How to complete this task:
Retype the entries, please, from their first line to the line containing "解方程:(1);(2)(x-3)2=2(3-x)", exactly and only those lines, minus the pictures.

Dataset records:
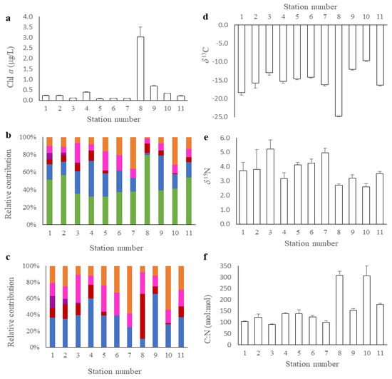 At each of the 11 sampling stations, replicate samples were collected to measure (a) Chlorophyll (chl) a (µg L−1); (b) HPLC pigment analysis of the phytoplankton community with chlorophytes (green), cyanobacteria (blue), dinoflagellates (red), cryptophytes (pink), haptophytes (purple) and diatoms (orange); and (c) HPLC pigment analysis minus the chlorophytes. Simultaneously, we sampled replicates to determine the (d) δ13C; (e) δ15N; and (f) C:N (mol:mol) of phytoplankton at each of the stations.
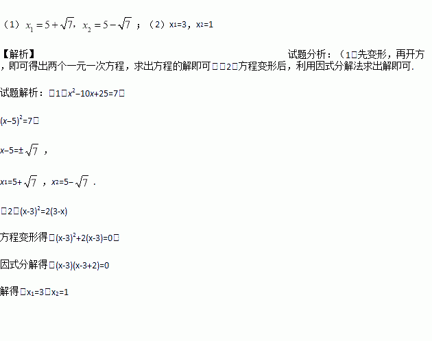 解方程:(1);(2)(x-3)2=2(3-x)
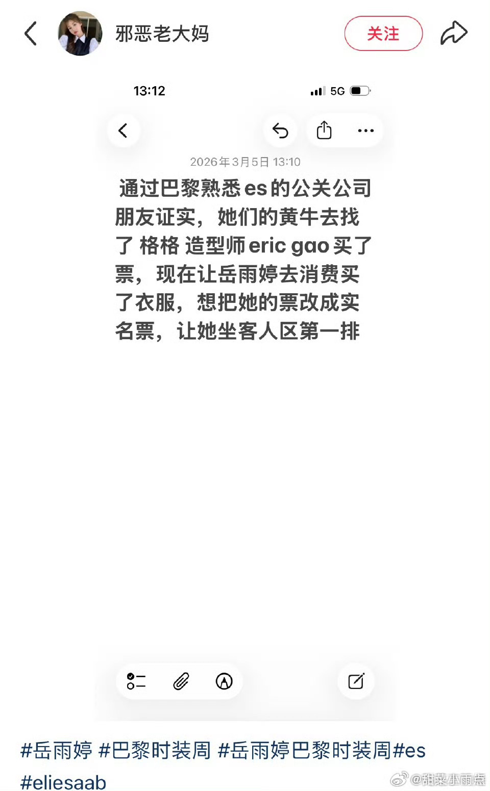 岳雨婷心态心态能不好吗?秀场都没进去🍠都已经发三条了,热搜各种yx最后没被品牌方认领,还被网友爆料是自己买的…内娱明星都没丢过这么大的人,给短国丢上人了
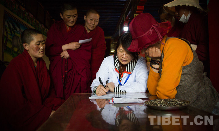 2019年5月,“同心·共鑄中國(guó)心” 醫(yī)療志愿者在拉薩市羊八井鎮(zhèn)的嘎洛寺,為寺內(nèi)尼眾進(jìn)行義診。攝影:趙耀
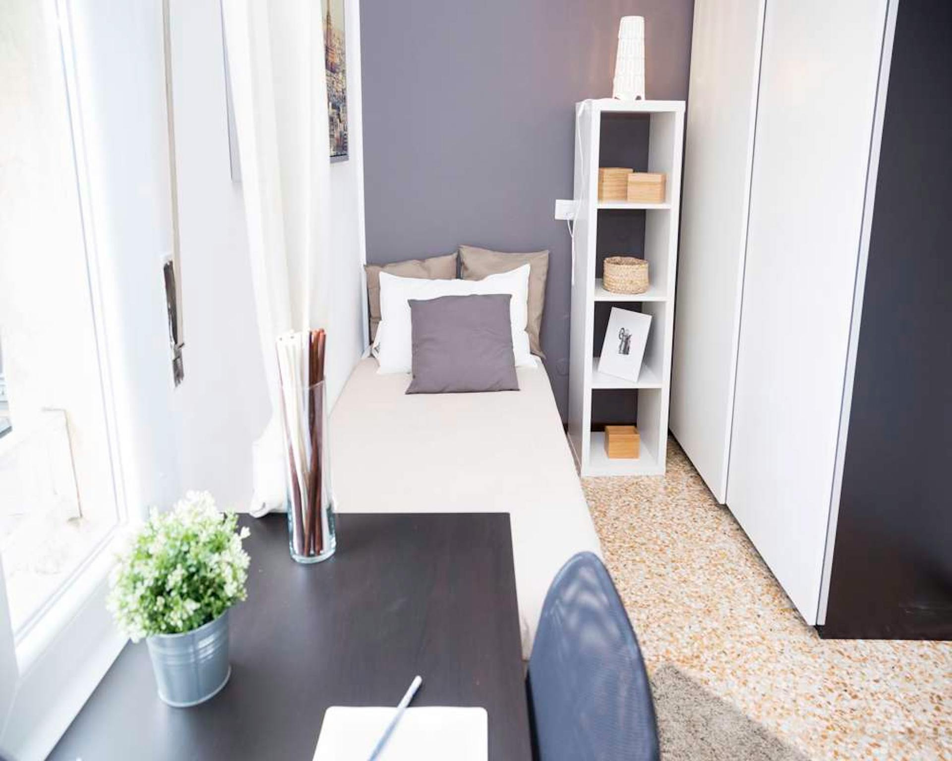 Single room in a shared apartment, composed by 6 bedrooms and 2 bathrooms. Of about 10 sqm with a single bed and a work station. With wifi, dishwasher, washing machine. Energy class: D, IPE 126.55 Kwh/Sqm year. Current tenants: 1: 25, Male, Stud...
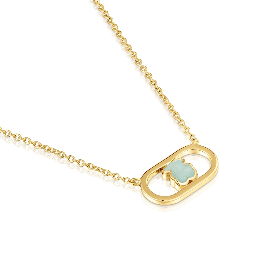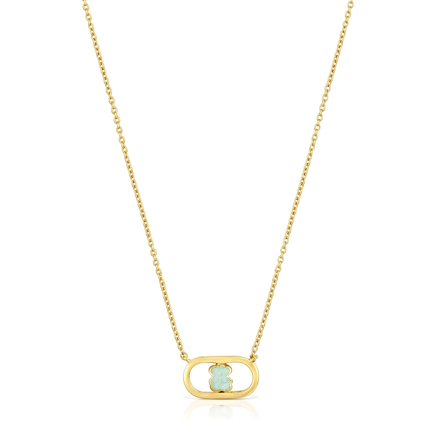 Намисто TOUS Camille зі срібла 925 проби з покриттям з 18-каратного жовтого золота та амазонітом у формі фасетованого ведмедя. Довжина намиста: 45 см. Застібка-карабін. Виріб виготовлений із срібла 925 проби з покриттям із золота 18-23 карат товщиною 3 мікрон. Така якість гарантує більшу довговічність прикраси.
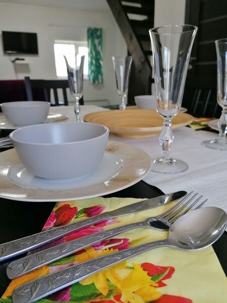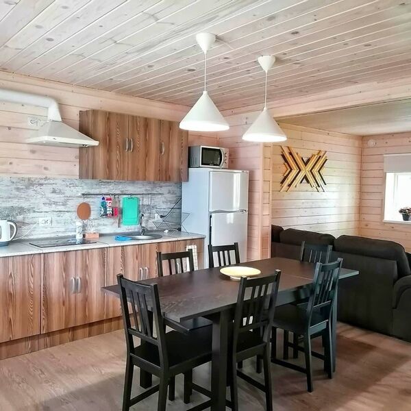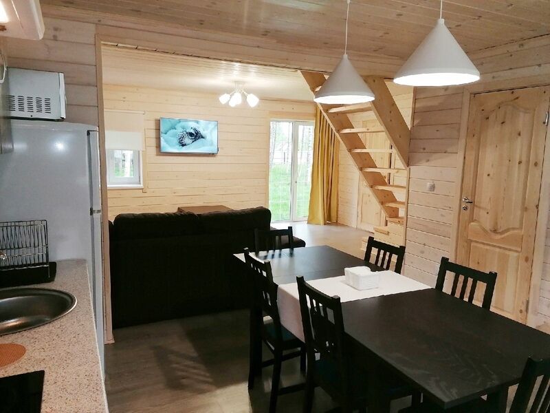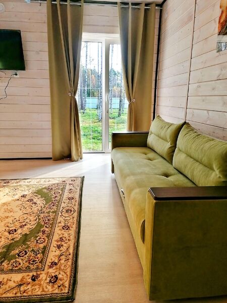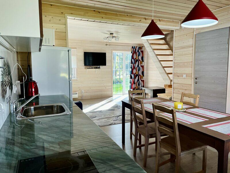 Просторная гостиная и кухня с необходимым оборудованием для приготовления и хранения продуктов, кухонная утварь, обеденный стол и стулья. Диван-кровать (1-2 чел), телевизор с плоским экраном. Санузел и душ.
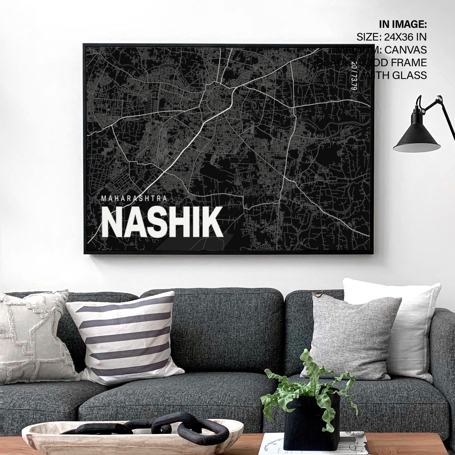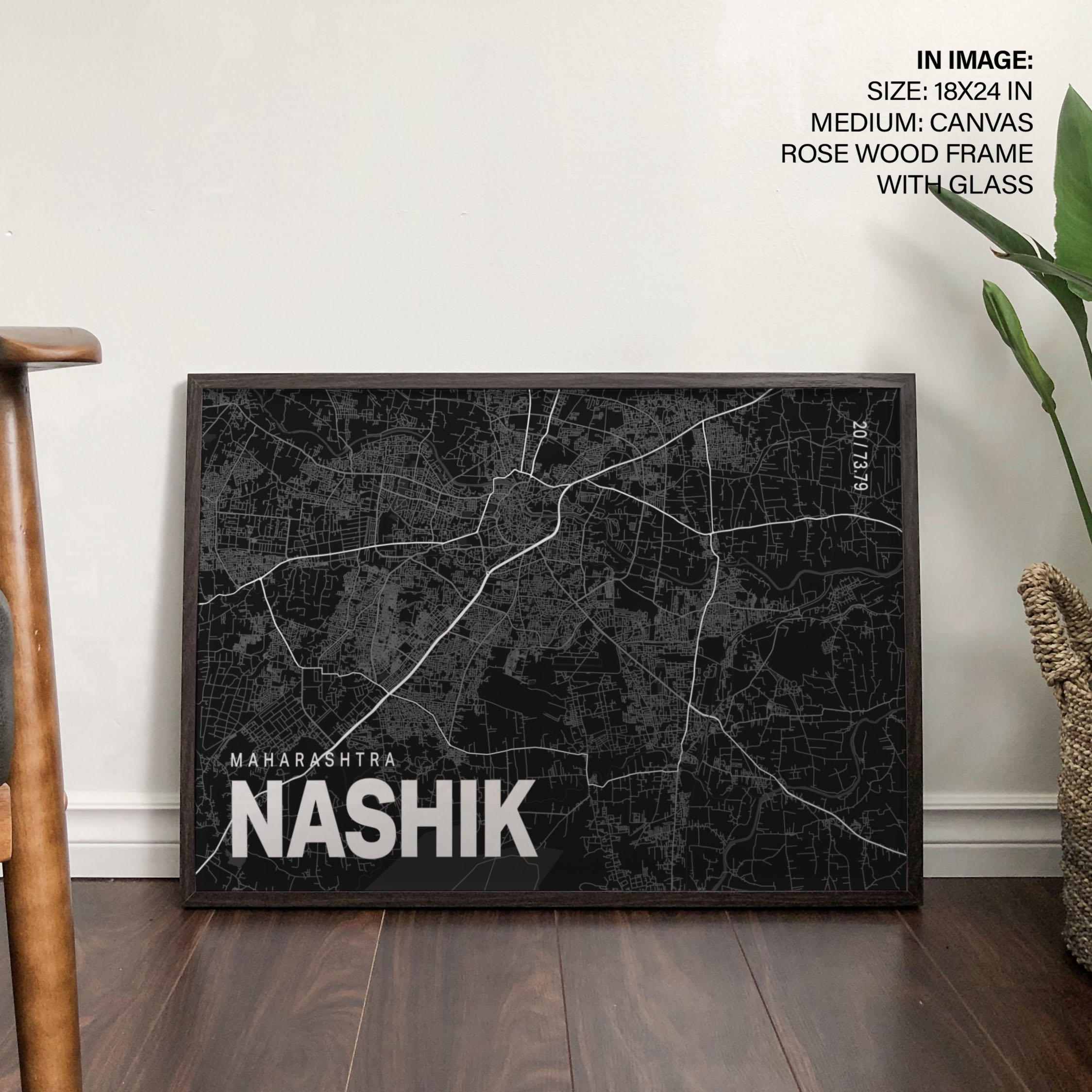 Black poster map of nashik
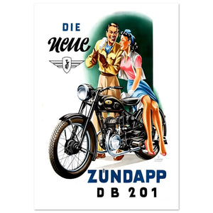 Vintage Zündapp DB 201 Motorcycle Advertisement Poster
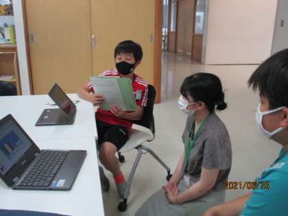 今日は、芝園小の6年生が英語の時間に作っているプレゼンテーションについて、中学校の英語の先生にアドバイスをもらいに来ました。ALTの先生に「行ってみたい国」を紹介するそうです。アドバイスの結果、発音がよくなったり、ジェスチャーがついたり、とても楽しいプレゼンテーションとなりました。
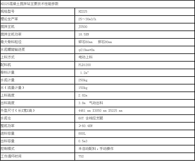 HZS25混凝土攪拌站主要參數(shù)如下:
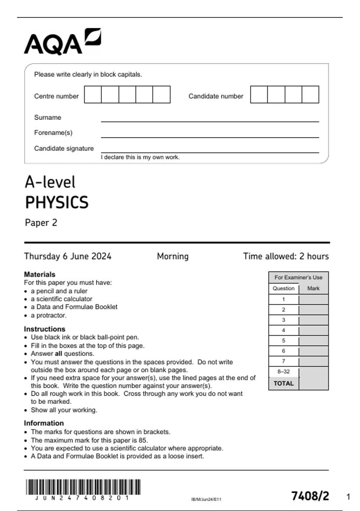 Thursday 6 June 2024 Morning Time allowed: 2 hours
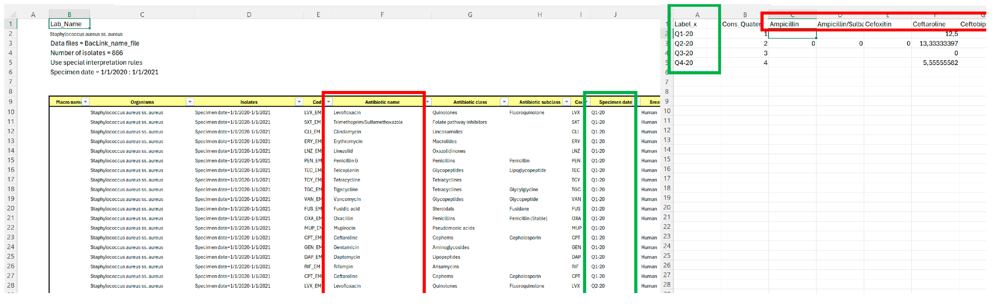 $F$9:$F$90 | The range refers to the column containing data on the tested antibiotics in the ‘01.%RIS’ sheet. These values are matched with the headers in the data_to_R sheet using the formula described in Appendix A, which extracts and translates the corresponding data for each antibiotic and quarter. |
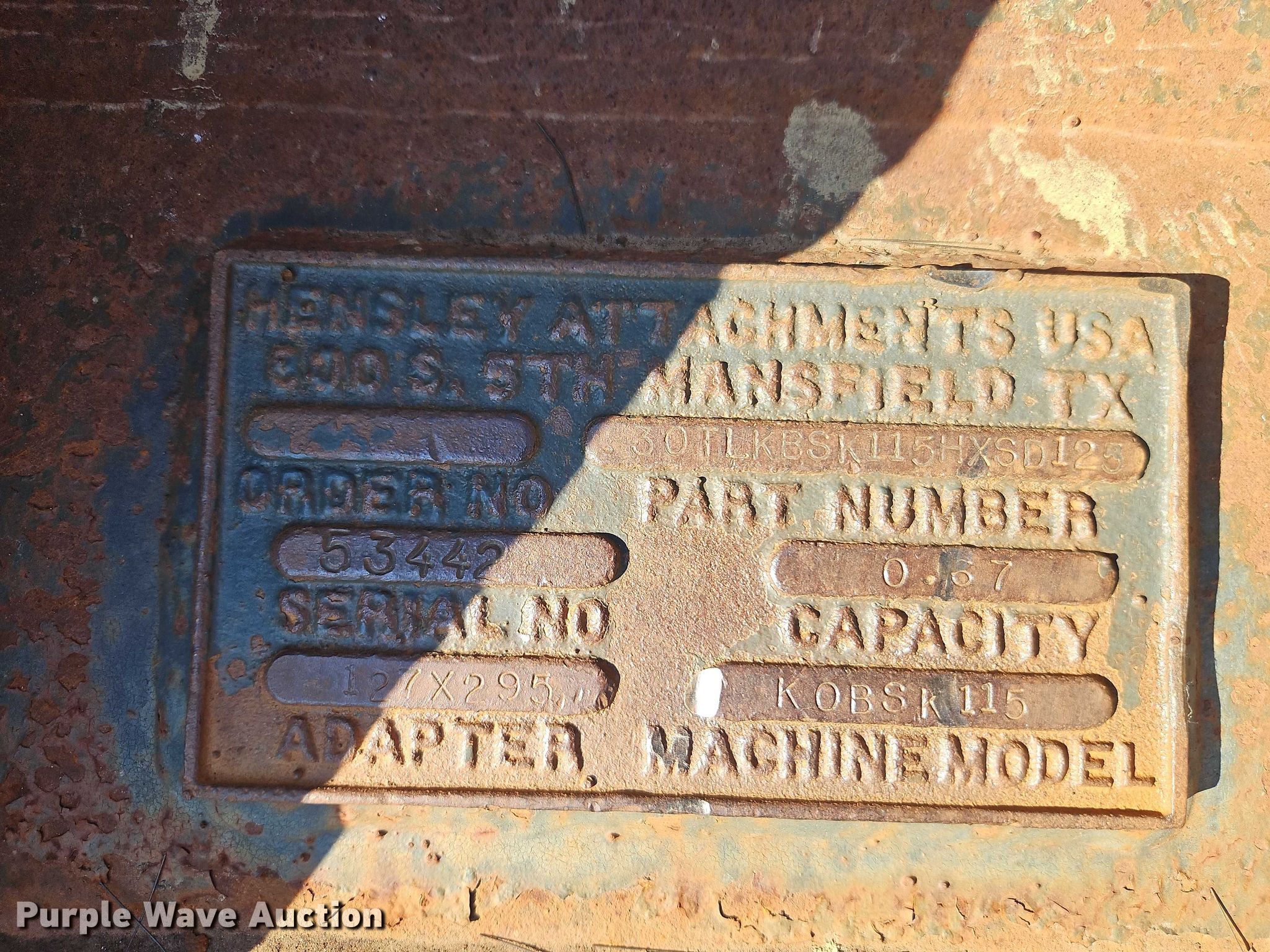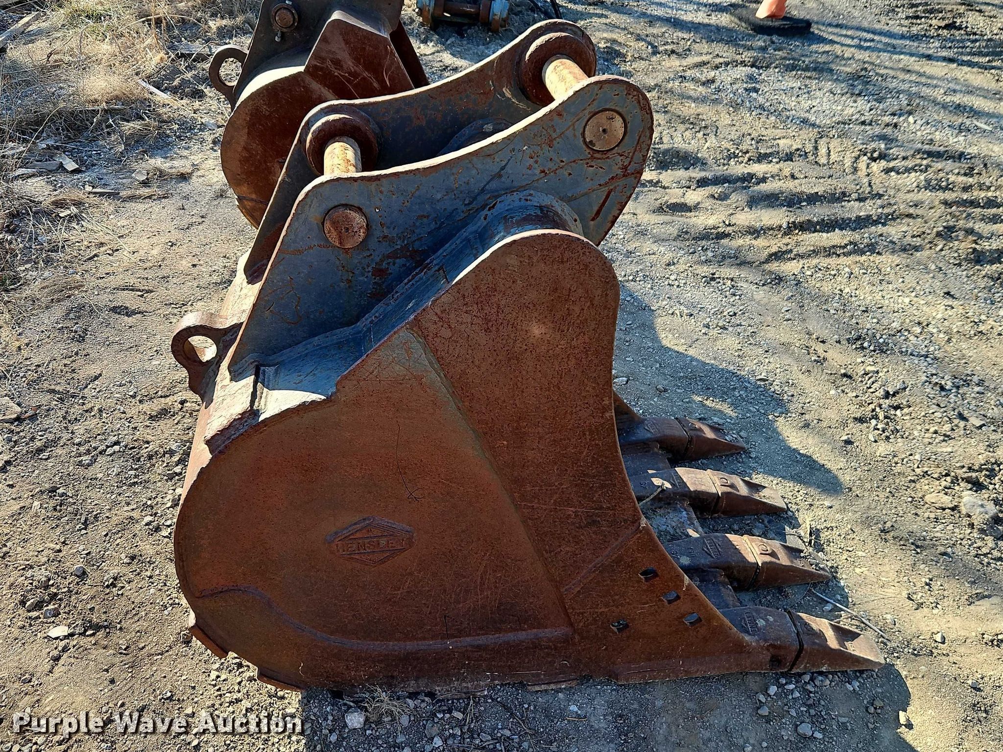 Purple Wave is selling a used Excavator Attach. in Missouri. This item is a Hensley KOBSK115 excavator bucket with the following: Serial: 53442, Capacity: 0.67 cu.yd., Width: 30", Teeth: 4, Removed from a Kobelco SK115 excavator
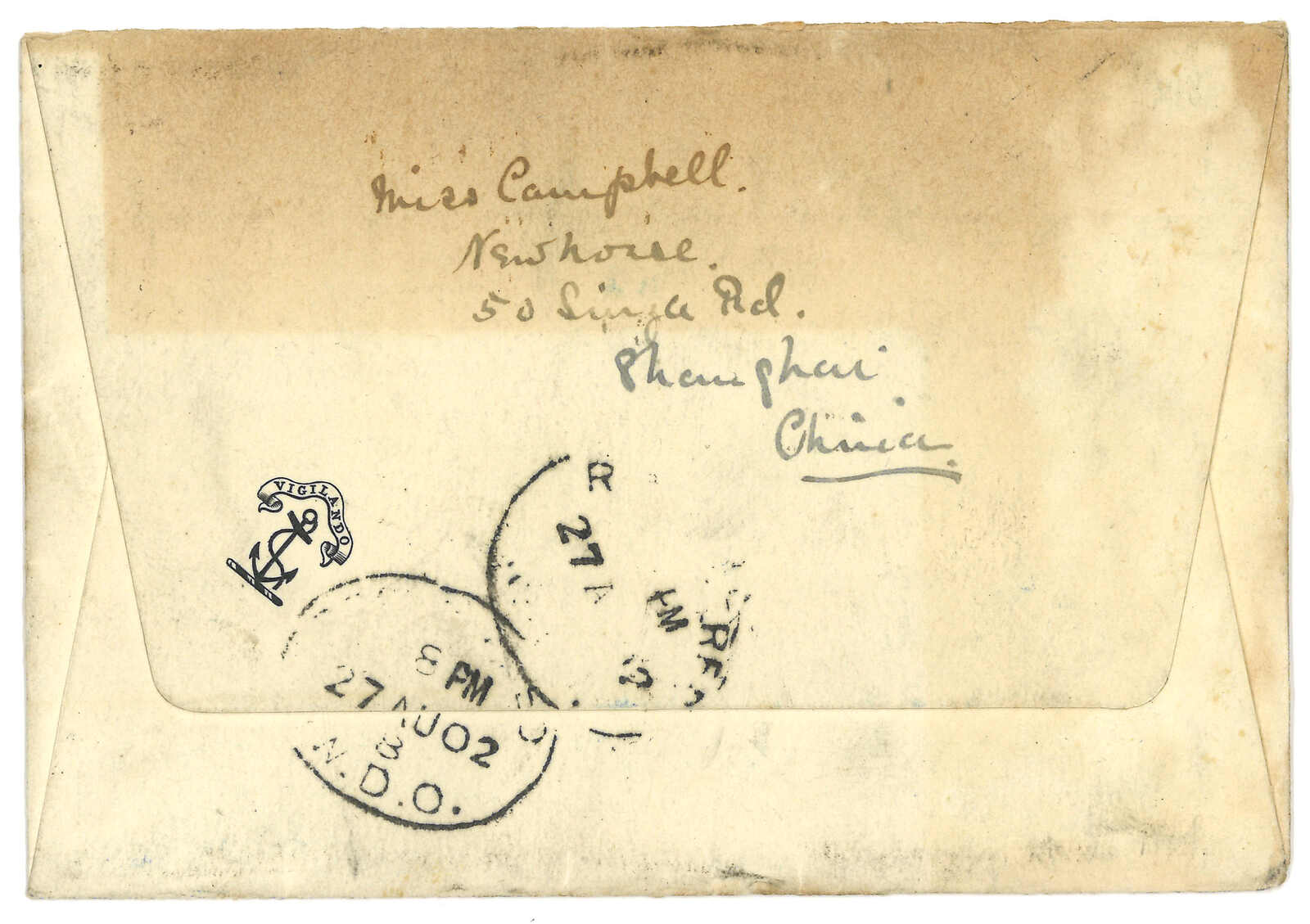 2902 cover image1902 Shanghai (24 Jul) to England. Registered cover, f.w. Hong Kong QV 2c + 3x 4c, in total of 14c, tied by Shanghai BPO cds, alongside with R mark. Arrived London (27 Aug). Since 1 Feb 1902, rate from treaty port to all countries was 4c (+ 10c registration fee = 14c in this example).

Written solution:
 At each of the 11 sampling stations, replicate samples were collected to measure (a) Chlorophyll (chl) a (µg L−1); (b) HPLC pigment analysis of the phytoplankton community with chlorophytes (green), cyanobacteria (blue), dinoflagellates (red), cryptophytes (pink), haptophytes (purple) and diatoms (orange); and (c) HPLC pigment analysis minus the chlorophytes. Simultaneously, we sampled replicates to determine the (d) δ13C; (e) δ15N; and (f) C:N (mol:mol) of phytoplankton at each of the stations.
 解方程:(1);(2)(x-3)2=2(3-x)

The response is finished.